В «Berliner Tageblatt» 21 июня было напечатано сообщение о том, что по распоряжению фюрера немецкого рабочего фронта — Лея до первого августа будет проведена генеральная чистка всех рабочих организаций сверху донизу с целью замены всех прежних работников, принадлежавших к социал-демократической партии, партии центра и к другим подобным организациям. Поскольку они вели борьбу против национал-социализма, то будут заменены людьми из национал-социалистической партии. В газетах стали появляться все в большем количестве сообщения о самороспуске партий. 9 июля в газетах сообщалось о самороспуске сразу трех партий — партии центра, немецкой народной партии и баварской народной партии. Руководство партии центра предложило бывшим членам партии «предоставить свои силы и опыт в распоряжение национального фронта под руководством рейхсканцлера».

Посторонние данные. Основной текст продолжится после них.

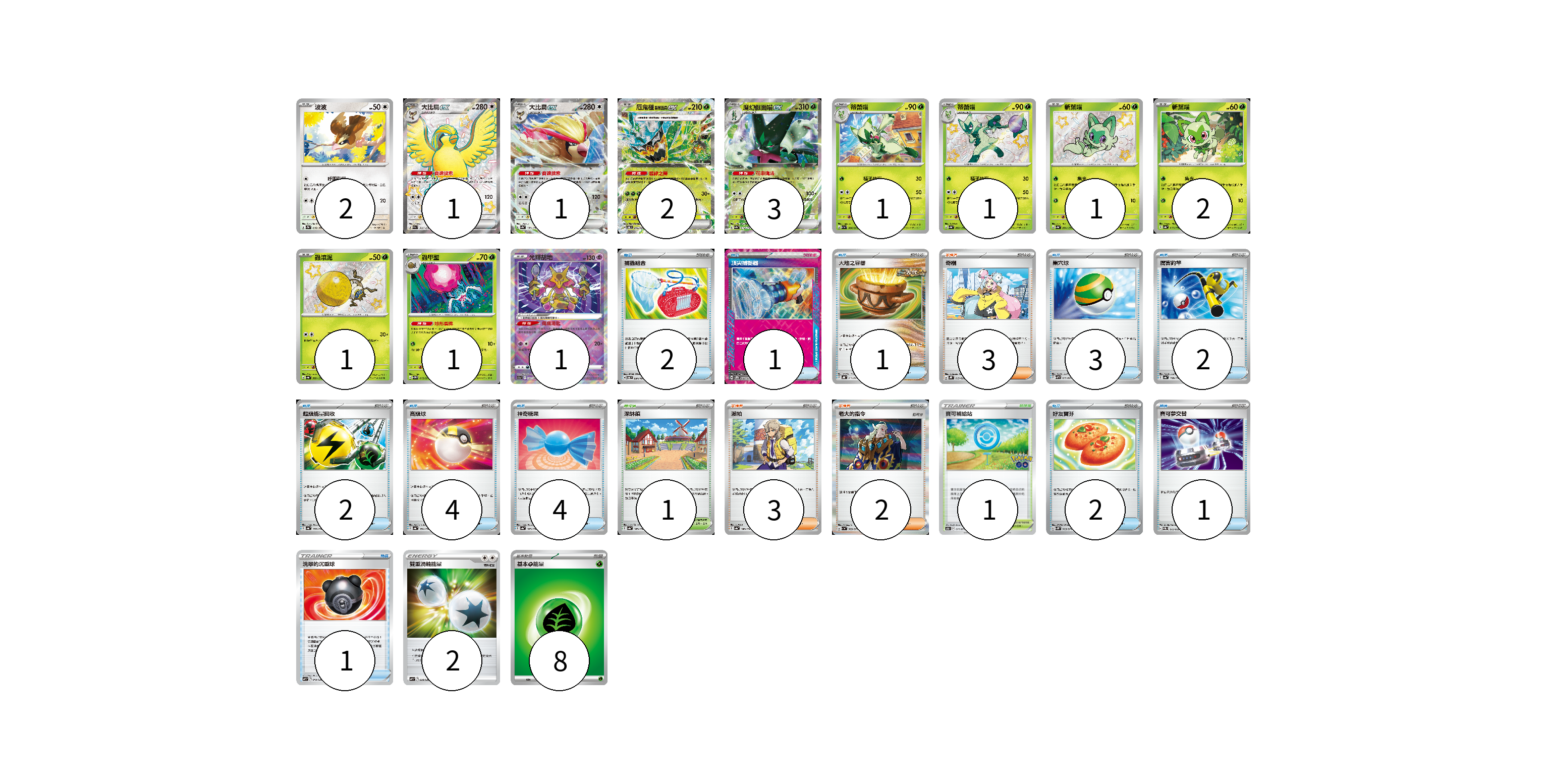 牌組構築方案 以此牌組為基礎新構築牌組 顯示卡面 顯示列表 寶可夢卡(17) 2 1 1 2 3 1 1 1 2 1 1 1 物品卡(23) 2 1 1 3 2 2 4 4 2 1 1 支援者卡(8) 3 3 2 競技場卡(2) 1 1 能量卡(10) 2 8 寶可夢卡(17) 卡牌名稱 張數 卡牌名稱 張數 波波 SV2a 016/165 02 大比鳥ex SV4a 335/190 01 大比鳥ex SV4a 139/190 01 厄鬼椪 碧草面具ex SV6 016/101 02 魔幻假面喵ex SV4a 014/190 03 蒂蕾喵 SV1a 006/073 01 蒂蕾喵 SV4a 202/190 01 新葉喵 SV4a 201/190 01 新葉喵 SV4a 012/190 02 蟲滾泥 SV4a 209/190 01 蟲甲聖 SV5M 015/071 01 光輝胡地 S11a 031/068 01 物品卡(23) 卡牌名稱 張數 卡牌名稱 張數 捕蟲組合 SV6 094/101 02 頂尖捕捉器 SV5M 062/071 01 大地之容器 SVHK 011/022 01 巢穴球 SVHM 012/022 03 厲害釣竿 SV4a 158/190 02 超級能量回收 SV4a 157/190 02 高級球 SV4a 161/190 04 神奇糖果 SV4a 163/190 04 好友寶芬 SV5K 063/071 02 寶可夢交替 SVEM 015/020 01 洗翠的沉重球 SVF 019/038 01 支援者卡(8) 卡牌名稱 張數 卡牌名稱 張數 奇樹 SVHK 019/022 03 派帕 SV4a 180/190 03 老大的指令 SV1a 069/073 02 競技場卡(2) 卡牌名稱 張數 卡牌名稱 張數 深缽鎮 SV4a 185/190 01 寶可補給站 S10b 071/071 01 能量卡(10) 卡牌名稱 張數 卡牌名稱 張數 雙重渦輪能量 SVF 038/038 02 基本【草】能量 SVF GRA 08 以此牌組為基礎新構築牌組 牌組編碼 wMfsKk-pBgkoe-fpNFuf copy 列印牌組單 牌組編碼已複製 分享至SNS

Как-то утром, когда я уже был у себя в бюро, в здании заводоуправления раздался звонок. Я поднял телефонную трубку и услышал взволнованный голос жены:
— У нас обыск. — И связь прервалась.
Надо идти. В бюро в это время находился один из советских практикантов инженер Митько.
— Пойдемте со мной. У меня производят обыск. Вы идите по противоположной стороне улицы. Если я вернусь из дома, то мы вместе направимся на завод, если же меня задержат, то проследите, куда меня отведут. Запомните дом, место и немедленно отправляйтесь в Берлин — в посольство. Сообщите, где я нахожусь.

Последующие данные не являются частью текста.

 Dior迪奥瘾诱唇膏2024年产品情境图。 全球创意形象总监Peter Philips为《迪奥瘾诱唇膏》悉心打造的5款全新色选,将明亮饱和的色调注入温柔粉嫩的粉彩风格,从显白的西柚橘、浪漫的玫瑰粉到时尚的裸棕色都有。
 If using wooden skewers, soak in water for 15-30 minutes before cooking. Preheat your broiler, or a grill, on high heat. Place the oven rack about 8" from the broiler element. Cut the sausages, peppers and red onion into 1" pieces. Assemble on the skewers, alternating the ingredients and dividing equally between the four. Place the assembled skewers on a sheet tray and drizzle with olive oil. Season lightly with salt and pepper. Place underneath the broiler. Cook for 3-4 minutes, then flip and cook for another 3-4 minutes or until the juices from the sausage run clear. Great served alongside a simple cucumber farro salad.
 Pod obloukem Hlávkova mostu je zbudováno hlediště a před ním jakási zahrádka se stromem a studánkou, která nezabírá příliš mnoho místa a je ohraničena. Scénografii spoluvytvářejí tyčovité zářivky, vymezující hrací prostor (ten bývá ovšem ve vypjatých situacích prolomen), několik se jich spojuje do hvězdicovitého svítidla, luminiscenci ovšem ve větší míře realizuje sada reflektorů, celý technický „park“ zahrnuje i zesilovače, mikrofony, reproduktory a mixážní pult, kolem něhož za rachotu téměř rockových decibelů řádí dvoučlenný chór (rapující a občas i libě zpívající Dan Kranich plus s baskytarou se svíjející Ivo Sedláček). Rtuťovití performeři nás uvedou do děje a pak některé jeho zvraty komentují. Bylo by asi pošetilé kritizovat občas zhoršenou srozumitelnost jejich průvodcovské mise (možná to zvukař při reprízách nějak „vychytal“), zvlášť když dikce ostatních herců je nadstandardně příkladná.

Мы с Митько вышли с завода. Он по одной, я по другой стороне улицы. Вот и дом. Внешне нет никаких признаков, что здесь что-то происходит. У дома нет ни транспорта, ни людей. Вставляю ключ в замочную скважину и открываю дверь. В вестибюле у двери стоит молодой человек в штатском.
— Здравствуйте! Вы живете здесь?
— Да, конечно.
— Пожалуйста.
Поднимаюсь на второй этаж и открываю дверь комнаты. В комнате пять молодых людей — все в штатском. Один из них сидит за столом и листает мои бумаги. Двое стоят у книжного шкафа и перебирают книги. Двое стоят у окна и разговаривают. Тот, что за столом, по-видимому, старший.
— Зачем вы пришли? — недовольным голосом спрашивает он.
— Как это — зачем?
— Вы могли бы спокойно работать, — продолжает он.
— Как же я могу быть спокойным, если у меня на квартире производят обыск?
— Ну и почему же это должно вас волновать? Мы посмотрим и уйдем.
Я еле сдерживаюсь, чтобы не вспылить.
— Когда в квартире производится обыск в отсутствие хозяина, то могут найти и то, чего у него не было.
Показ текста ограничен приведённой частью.